Out of the corner of our eye, we see something slither through the grass near our foot. We hear a loud noise. We smell smoke or feel something crawling up our back under our shirt. Because survival is at the top of the list of unconscious priorities, our attention immediately shifts to whatever may be threatening us. At the same time we are filtering out all other input.
I lived in a city for ten years. After working intensely on an album project, recording, listening, and mixing every day for weeks, I took a vacation in the country. There was no television, radio, or anything on which to play recorded music. This was well before the day of cell phones and laptop computers. The quiet of the county overwhelmed me. I couldn’t sleep with all that quiet.
I was used to the daily bombardment of the sounds of the city--some of it purposeful and some made just by neglect. I was used to filtering it all out. I had learned to sublimate the sonic overload. Now that I wasn’t experiencing this stimulation, my brain didn’t know what to do.

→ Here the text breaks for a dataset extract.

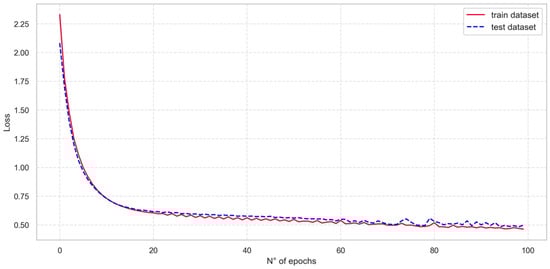 The model was trained for 100 epochs and Figure 7 illustrates the evolution of the loss metric throughout the training process. The results show that the loss function stabilizes, reaching a satisfactory level of stationarity on both the training and test datasets by the end of the 100 epochs, with no evidence of overfitting. Once training is complete, the model is used to generate predictions of the power feed-in, taking the test dataset as input.
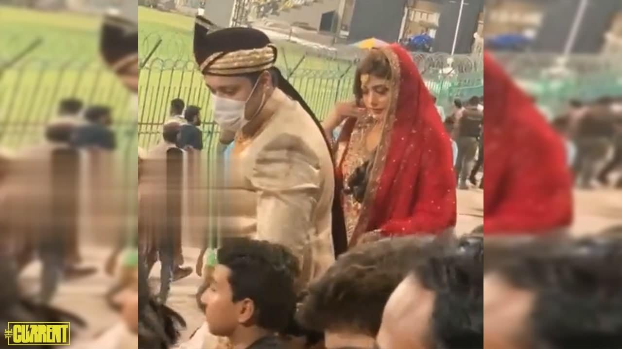 A bride and groom reached the National Stadium in Multan to meet Pakistan’s ace batsman Babar Azam.

In the rain forest when a predator is near all the birds and animals fall silent. Some primal part of my brain was responding. My survival mode was saying if there is no sound then something must be wrong. My filters, which allowed me to sleep in the city had nothing to filter out. They were waking me up because no noise signaled danger. After a week my filters had adjusted and I began to sleep more normally.
Since that time I have lived in the quiet of the country for 25 years. On a recent visit to the city I stayed in a room facing a busy street. At first, I was not able to sleep because of the noise on the street. Every time a truck rumbled by or a motorcycle engine revved as it raced up the street or a bus caused the building to shudder and rattle, I woke up. Again after a couple of days I began to acclimate. The filters began to come up and I didn’t wake up so much.
This first exercise is to wake up our external listening, to help us let go of some of our filters. This will help us to hear all the sounds of the world around us with more subtlety.
Ambient Sound Meditation
It may be helpful to close your eyes after you read each instruction. Take your time and really allow yourself to hear.
1. At first let your hearing focus on individual sounds in your environment.
2. Listen for the sound closest to you.
3. Listen for the sound most distant from you.
4. Listen to the loudest sound.
5. Listen to the quietest sound.
6. Listen to the lowest pitch sound.
7. Listen to the highest pitch sound.
8. Listen for continuous sounds.
9. Listen for cyclical, repeating sounds.
10. Listen for intermittent sounds.
11. Listen out of your right ear.
12. Listen out of your left ear.
13. Listen out of both ears.
14. Now, instead of hearing these sounds one at a time, hear all them all at once in a panorama. Listen as if you are broadening your focus from one point on a movie screen to the entire screen. Let go of all naming or identifying of individual sounds. Hear them combined as just one all-encompassing sound. Hold that focus as long as you can.
As you travel through your day, try to take notice of the sounds that you ordinarily filter out. Let yourself hear those sounds that surround you all the time that you don’t usually hear. Bring into your awareness the qualities of a sound that make it unique, the minute differences and similarities that give it a place in the panoramic auditory spectrum of all the sounds that surround you.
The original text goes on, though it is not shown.